▸ WHAT THIS TASK INVOLVES: Please give every line below again exactly, but not its pictures.

▸ RECORDED DATA:

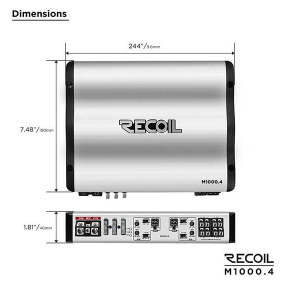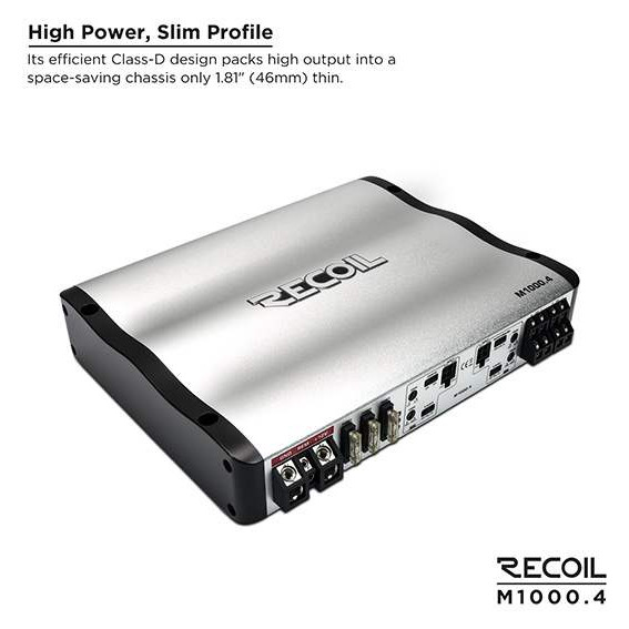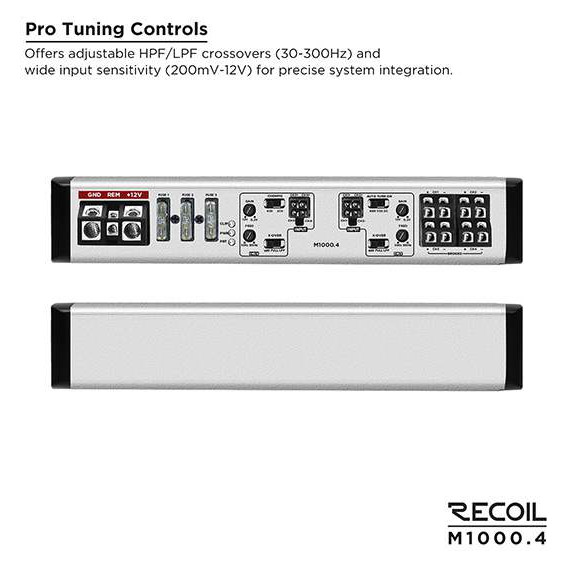 Recoil M1000.4 – 4-канальный автомобильный усилитель, разработанный на базе современных силовых MOSFET-транзисторов International Rectifier, обеспечивающих стабильную работу и эффективную отдачу в любых режимах. Модель поддерживает подключение по высокоуровневому и низкоуровневому входу, что делает её универсальным решением как для штатных, так и для доработанных аудиосистем. Гибкая настройка кроссоверов для каналов канал 1/2 и канал 3/4 (HPF/LPF/FULL) позволяет точно согласовать усилитель с мидбасами, твитерами или сабвуфером. Встроенные схемы защиты от перегрузки, перегрева, перепадов напряжения, короткого замыкания динамиков и DC-offset гарантируют надежность и долговечность системы. Возможность выбора способа включения (VOX/DC/REM) и комплектный проводной пульт дистанционного управления делают установку и эксплуатацию максимально удобной.
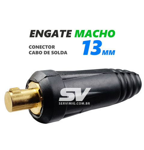 | Características | Conector ou Engate Rapido Macho 13 mm Geralmente utilizado no cabo terra ou no cabo Porta eletrodo (maquina de solda) |
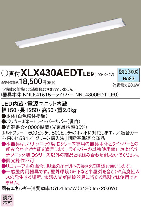Panasonic ¥Ù¡¼¥¹¥é¥¤¥È XLX430AEDTLE9

▸ FINISHED TASK:
 Recoil M1000.4 – 4-канальный автомобильный усилитель, разработанный на базе современных силовых MOSFET-транзисторов International Rectifier, обеспечивающих стабильную работу и эффективную отдачу в любых режимах. Модель поддерживает подключение по высокоуровневому и низкоуровневому входу, что делает её универсальным решением как для штатных, так и для доработанных аудиосистем. Гибкая настройка кроссоверов для каналов канал 1/2 и канал 3/4 (HPF/LPF/FULL) позволяет точно согласовать усилитель с мидбасами, твитерами или сабвуфером. Встроенные схемы защиты от перегрузки, перегрева, перепадов напряжения, короткого замыкания динамиков и DC-offset гарантируют надежность и долговечность системы. Возможность выбора способа включения (VOX/DC/REM) и комплектный проводной пульт дистанционного управления делают установку и эксплуатацию максимально удобной.
 | Características | Conector ou Engate Rapido Macho 13 mm Geralmente utilizado no cabo terra ou no cabo Porta eletrodo (maquina de solda) |
Panasonic ¥Ù¡¼¥¹¥é¥¤¥È XLX430AEDTLE9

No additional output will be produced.